Perceptions of LLM tutors in class depend on surfacing specific stakeholder concerns in context rather than measuring broad approval.

A machine-rendered reading of the paper's core claim, the machinery that carries it, and where it could break.

The paper introduces Co-PALE, a framework that ties educational settings, responsible AI principles, and distinct perception categories to guide decisions on LLM tools. It shows that prior studies often overlook how the same technology creates different worries for faculty versus parents in different scenarios. Focus groups with these groups reveal tensions that approval surveys miss, supporting more deliberate choices about where and for whom such tools should be used. This matters because deployment without this approach risks ignoring key voices and leading to mismatched governance.

Core claim

The central claim is that understanding stakeholder perceptions of LLM-based systems in the classroom requires identifying whose concerns are surfaced, in which contexts, and with what implications for responsible design and governance, rather than measuring approval or acceptance. Co-PALE connects educational context, responsible AI principles, and categories of perception to support more systematic reasoning about adoption. It is grounded through analysis of prior work that reveals recurring gaps, contextually distinct scenarios that illustrate differing concerns, and focus groups with university faculty and K-12 parents that surface tensions and uncertainties.

What carries the argument

Co-PALE (Contextualized Perceptions for the Adoption of LLMs in Education), a stakeholder-first framework linking educational contexts, responsible AI principles, and perception categories to enable deliberate deployment decisions.

If this is right

  • Deployment decisions must account for distinct concerns raised by different stakeholders in specific educational settings.
  • The framework enables identification of recurring gaps in how perceptions have been studied previously.
  • Focus-group reflections demonstrate uncertainties that arise when applying the framework to real groups.
  • Context-specific scenarios illustrate that identical LLM tools produce varying implications for different stakeholders.

Where Pith is reading between the lines

These are editorial extensions of the paper, not claims the author makes directly.

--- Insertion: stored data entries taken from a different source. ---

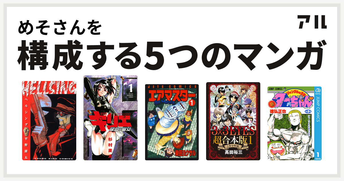 めそさんを構成するマンガはhellsing キリエ 吸血聖女 エアマスター 3x3eyes 新ジャングルの王者ターちゃん 私を構成する5つのマンガ アル
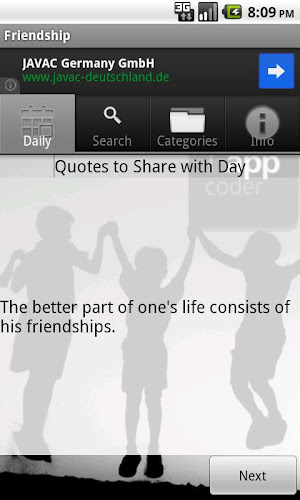 Analisi E Revisione Delle App Android: Friendship Quotes and Messages by TapCoder, Sviluppato Da TapCoder. Elencato Nella Categoria Lifestyle. La Versione Corrente È 2.8, Aggiornata L' 04/07/2013 . Secondo Le Recensioni Degli Utenti Su Google Play: Friendship Quotes and Messages by TapCoder. Ottenuto Oltre 5 Mille Installazioni. Friendship Quotes and Messages by TapCoder Ha Attualmente Recensioni 16, Valutazione Media 4.5 Stelle
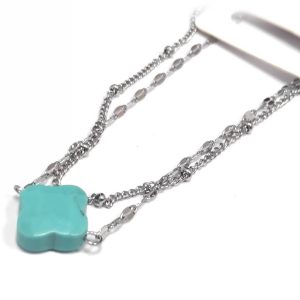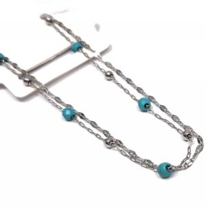 Βραχιόλι Ποδιού Ατσάλι 316L, διπλη αλυσίδα με τυρκουάζ σε χρώμα Ασημί
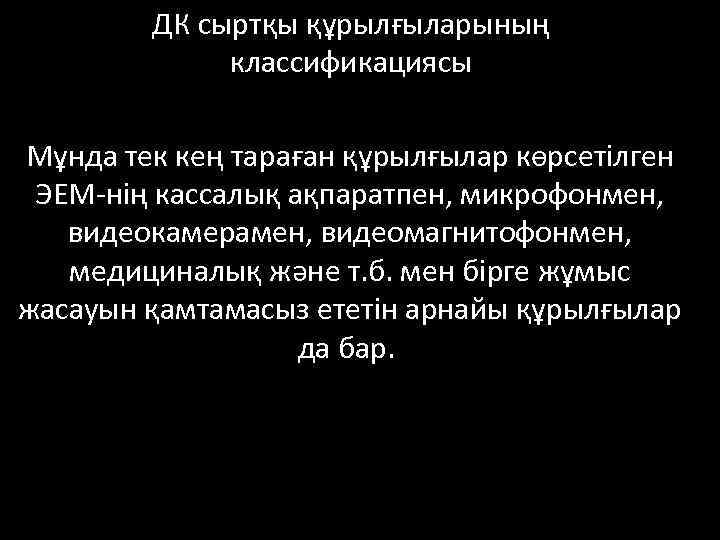 ДК сыртқы құрылғыларының классификациясы Мұнда тек кең тараған құрылғылар көрсетілген ЭЕМ-нің кассалық ақпаратпен, микрофонмен, видеокамерамен, видеомагнитофонмен, медициналық және т. б. мен бірге жұмыс жасауын қамтамасыз ететін арнайы құрылғылар да бар.
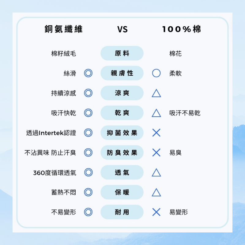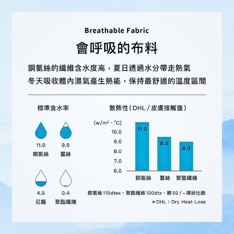 選用日本進口 Bemberg™ 銅氨絲,360° 環繞透氣結構+優異吸濕排汗機能,
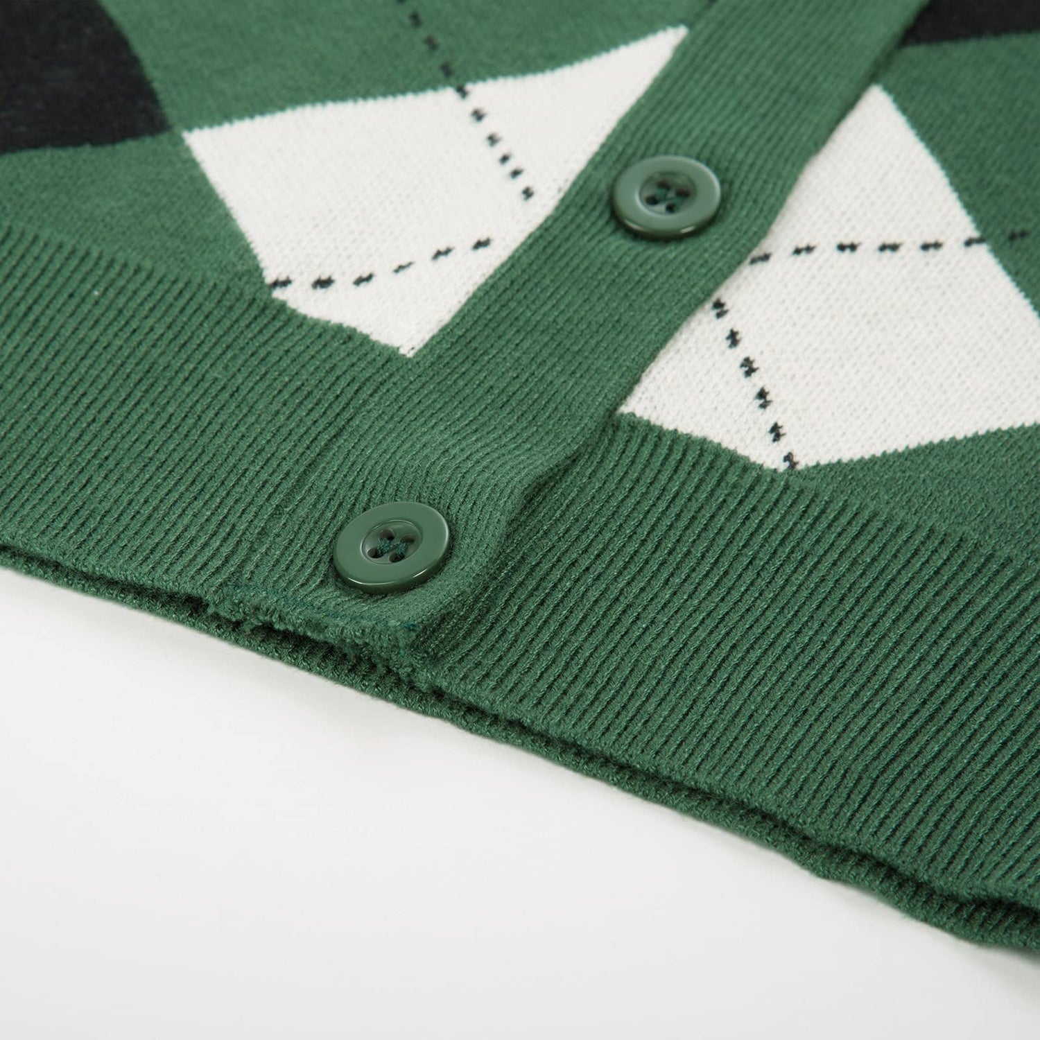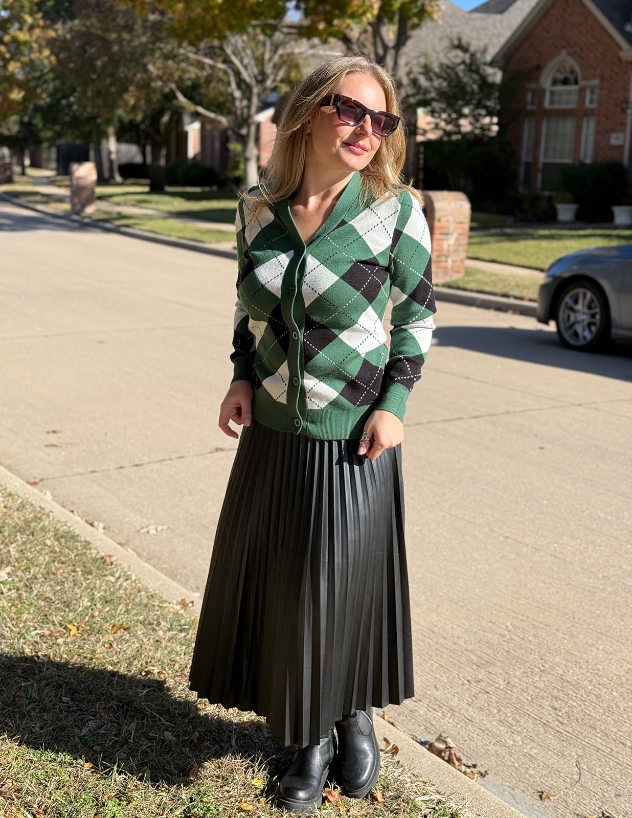 - 【Features】Slim Fit, Long Sleeve, V-Neck Top, Button Down Front, Argyle Plaid Knit Cardigan, Ribbed Bottom Hemline and Cuffs, Comes in Both Regular and Plus Sizes.

  • The approach could be extended to other emerging classroom technologies to check for similar context-dependent concerns.
  • It implies that governance policies should require explicit mapping of stakeholder groups before any LLM rollout.
  • Schools might test the framework by running parallel decision processes with and without it to compare outcomes.
  • This could connect to broader responsible-AI practices by treating perception categories as inputs to risk assessment.

Load-bearing premise

That grounding the framework in prior-work analysis and focus groups with faculty and parents will surface enough tensions and uncertainties to support better reasoning about deployment.

What would settle it

A comparison showing that simple approval surveys produce the same deployment recommendations as Co-PALE across multiple school contexts.

Figures

Figures reproduced from arXiv: 2503.02885 by Armanda Lewis, Caterina Fuligni, Daniel Dominguez Figaredo, Julia Stoyanovich.

Figure 1
Figure 1. Figure 1: Contextualized Perceptions for the Adoption of LLMs in Education (Co-PALE) framework for assessing stakeholder perceptions of LLM-based systems. Co-PALE comprises four components: Stakeholders, Context, Goals, and Perceptions. Starting at the top, one should consider components at each layer before moving to the next layer. The Perceptions component can be used as a checklist to assess the presence of spec… view at source ↗
Figure 2
Figure 2. Figure 2: Breakdown of statistics of the analyzed articles ( [PITH_FULL_IMAGE:figures/full_fig_p005_2.png] view at source ↗
Figure 3
Figure 3. Figure 3: [Summary of perceptions of two major stakeholders, students (3a) and teachers (3b), reported in the articles in our [PITH_FULL_IMAGE:figures/full_fig_p015_3.png] view at source ↗
read the original abstract

Large Language Models (LLMs) have gained traction in educational settings, often framed as virtual tutors or teaching assistants. Following early skepticism and bans, many schools and universities have begun integrating these systems into curricula. Yet decisions about whether and how to deploy LLM-based tools are frequently made without systematic engagement with the full range of stakeholders they affect. In this paper, we argue that understanding stakeholder perceptions of LLM-based systems in the classroom is not a matter of measuring approval or acceptance, but of identifying whose concerns are surfaced, in which contexts, and with what implications for responsible design and governance. We introduce Contextualized Perceptions for the Adoption of LLMs in Education (Co-PALE), a stakeholder-first framework that connects educational context, responsible AI principles, and categories of perception to support more deliberate decision-making about the adoption of LLM-based tools. We ground Co-PALE through a targeted analysis of prior work to diagnose recurring gaps in how stakeholder perceptions are studied, and through contextually distinct educational scenarios that illustrate how the same technology raises different concerns for different stakeholders. We further examine how university faculty and K--12 parents make sense of the framework through focus groups, using their reflections to surface tensions and uncertainties. Co-PALE supports more systematic reasoning about whether, where, and for whom LLM-based tools should be deployed in education.

Editorial analysis

A structured set of objections, weighed in public.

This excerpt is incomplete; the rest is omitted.